Восхищается, восторгается, так как видит, что писатель не приспосабливается к банальным нормам дозволенного и не дозволенного на сцене, а предлагает свое. Это свое не заимствовано, не взято на прокат, а создано заново во имя правды, безусловной и честной.

«Техника комедии виртуозна. Завязка, которой лучшие драматурги мира вынуждены отдавать несколько сцен, в “Ревизоре” смело исчерпывается одной первой фразой: “Я пригласил вас, господа, для того, чтобы сообщить вам пренеприятное известие: к нам едет ревизор”.

Страх. Вот движущая сила дальнейших событий, основанных на познании человеческих слабостей и прегрешений.

В конце одна реплика жандарма производит “действие удара”, одна эта реплика служит развязкой. А страх в немой сцене финала доходит до высшего напряжения. Такой финал, говорит Немирович-Данченко, — одно из самых замечательных явлений сценической литературы.

Сценичность “Ревизора” открыта Гоголем-человеком, усвоившим, что театр “ничуть не безделица и вовсе не пустая вещь”; писателем, доводящем социальные и нравственные вопросы до дерзких обобщений»[69].

{40} В медленном, спокойном течении первых сцен «Ревизора», в острых зарисовках быта Немирович-Данченко видит не слабую технику драмы, а принцип подробного повествования.

Поспешность здесь излишня. Гоголь умышленно сдерживает темперамент, так как спокойствие соответствует застою провинциальной жизни русского городка. Потом он дает волю стремительности, гиперболе, неожиданностям, гениальным по своей простоте и естественности. Оставлять действующих лиц «в покое бытовых подробностей» уже нельзя.

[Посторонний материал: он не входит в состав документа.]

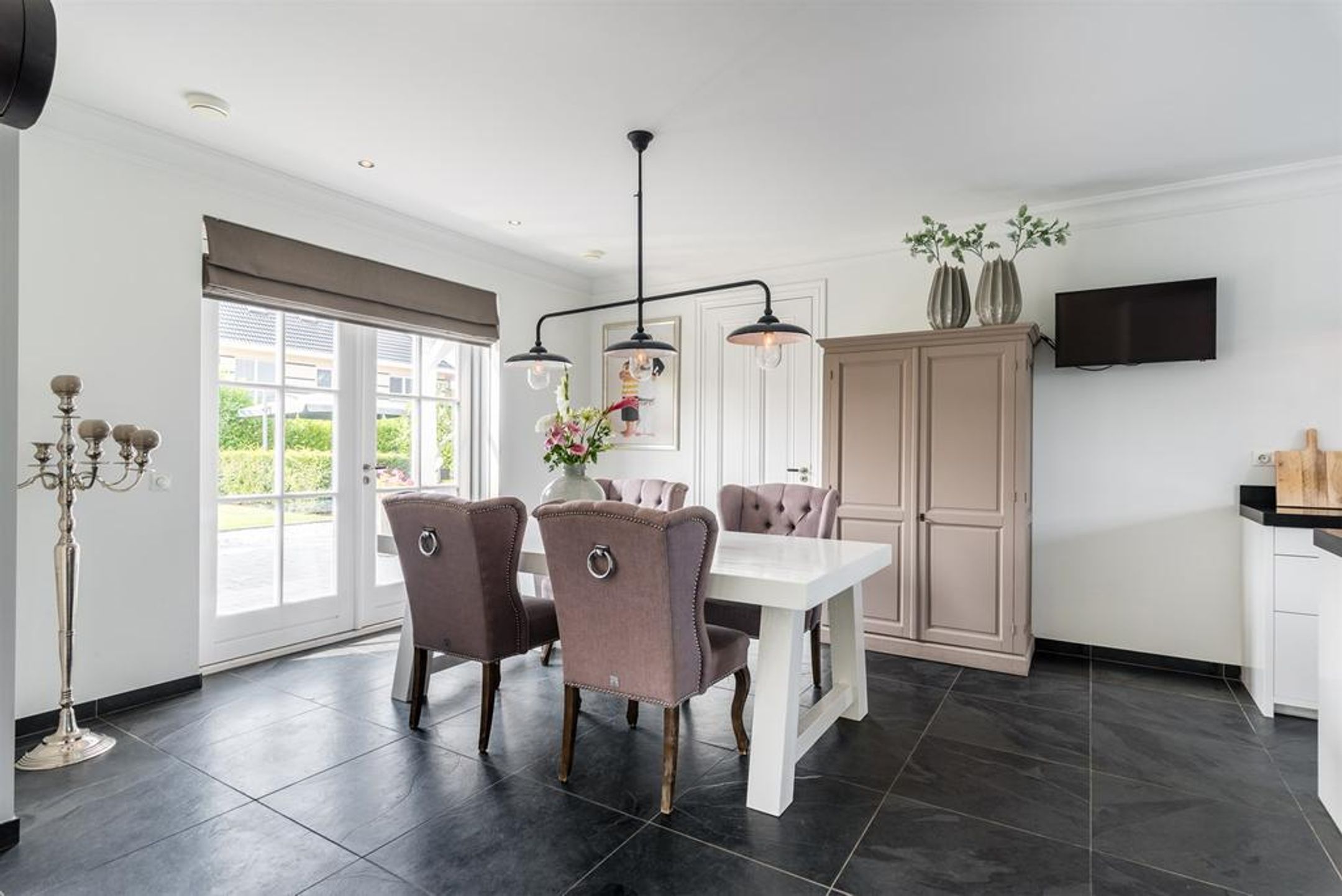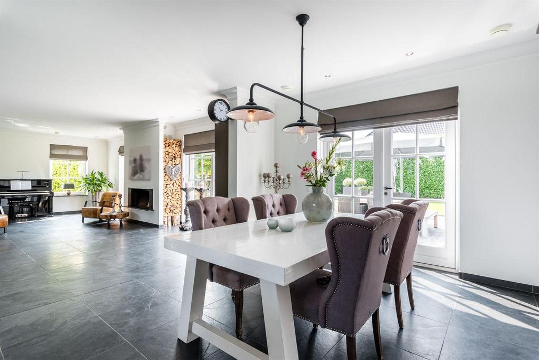De 2 dubbele openslaande deuren en de vele ramen rondom, voorzien van roedeverdeling, bieden zicht op de zonnige tuin en het schitterende naast gelegen park.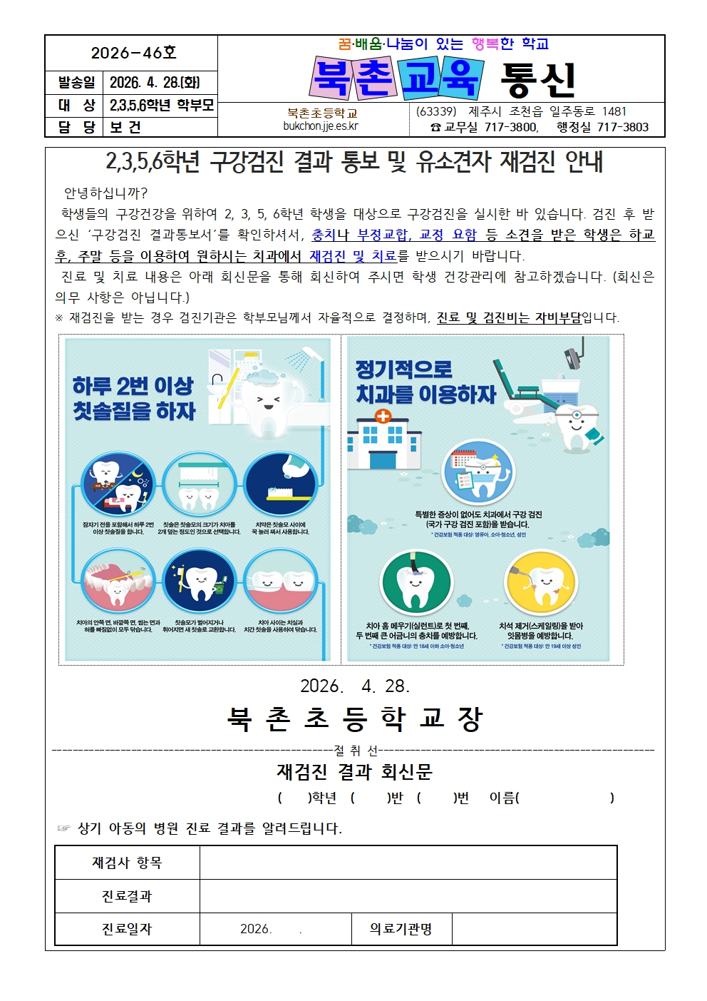 [2026-46호] 2026학년도 2,3,5,6학년 구강검진 결과통보 및 유소견자 재검진 안내

Эпическое трансформируется в острокомедийное, сатирическое; повествовательность воспринимается как поворот интриги; толчки сюжета, взрывы, кульминация не привносятся извне: «Гоголь находит сценическое движение в неожиданностях, которые проявляются в самих характерах». Человеческие слабости я прегрешения — «безобразный душевный… город» — дают ему материал для сценического развития фабулы.

Свойства психологии, «души излучины» движут фабулой… Разгадав это своеобразие «Ревизора», Немирович-Данченко проникал в тайну сценического обаяния русской драматургии.

XI

«Отрицание театра» — такое сенсационное название дал Ю. Айхенвальд своей статье[70], повторяющей публичную лекцию, читанную им в Политехническом музее 16 марта 1913 года.

Лекция была озаглавлена по-иному — «Литература и театр». Айхенвальд говорил о приближающемся конце драматического театра, его роковой подчиненности литературе, о том, что избраннику высшей культуры, тому, кто стал эстетически взрослым, сцена становится все более и более ненужной, ибо элементарность театра непобедима. Иллюзия может взять в плен лишь неразвитую толпу. Невыносима пошлость бутафории, машин, грима, кулис. Возрастающая интеллигентность читателя обнаружит, что театральная техника оскорбительна. Театр ничего не прибавляет к существу драмы. Драма уже осуществлена в книге. Достаточно прочитать пьесу дома, в тиши кабинета. Посредничество актера не обязательно. Истинное духовное сотрудничество с автором происходит, когда остаешься наедине с его произведением, вдали от шумной пестроты, ребяческой суетности театра.

После лекции разгорелся диспут. Сергей Глаголь опровергал тезис Айхенвальда от имени избранников высшей культуры. Он признался, что, читая дома в тиши кабинета «Балаганчик» Блока, {41} «решительно ничего не понял. Какою-то бессмысленной нелепостью показалось мне заседание мистиков и появление Коломбины. Набором бессмысленных и не связанных одна с другою фраз показались мне диалоги в маскараде второго акта, а когда дело дошло до Пьеро, выскакивающего в окно и прорывающего вставленную в него сахарную бумагу, изображающую ночь, то я только развел руками и закрыл книгу».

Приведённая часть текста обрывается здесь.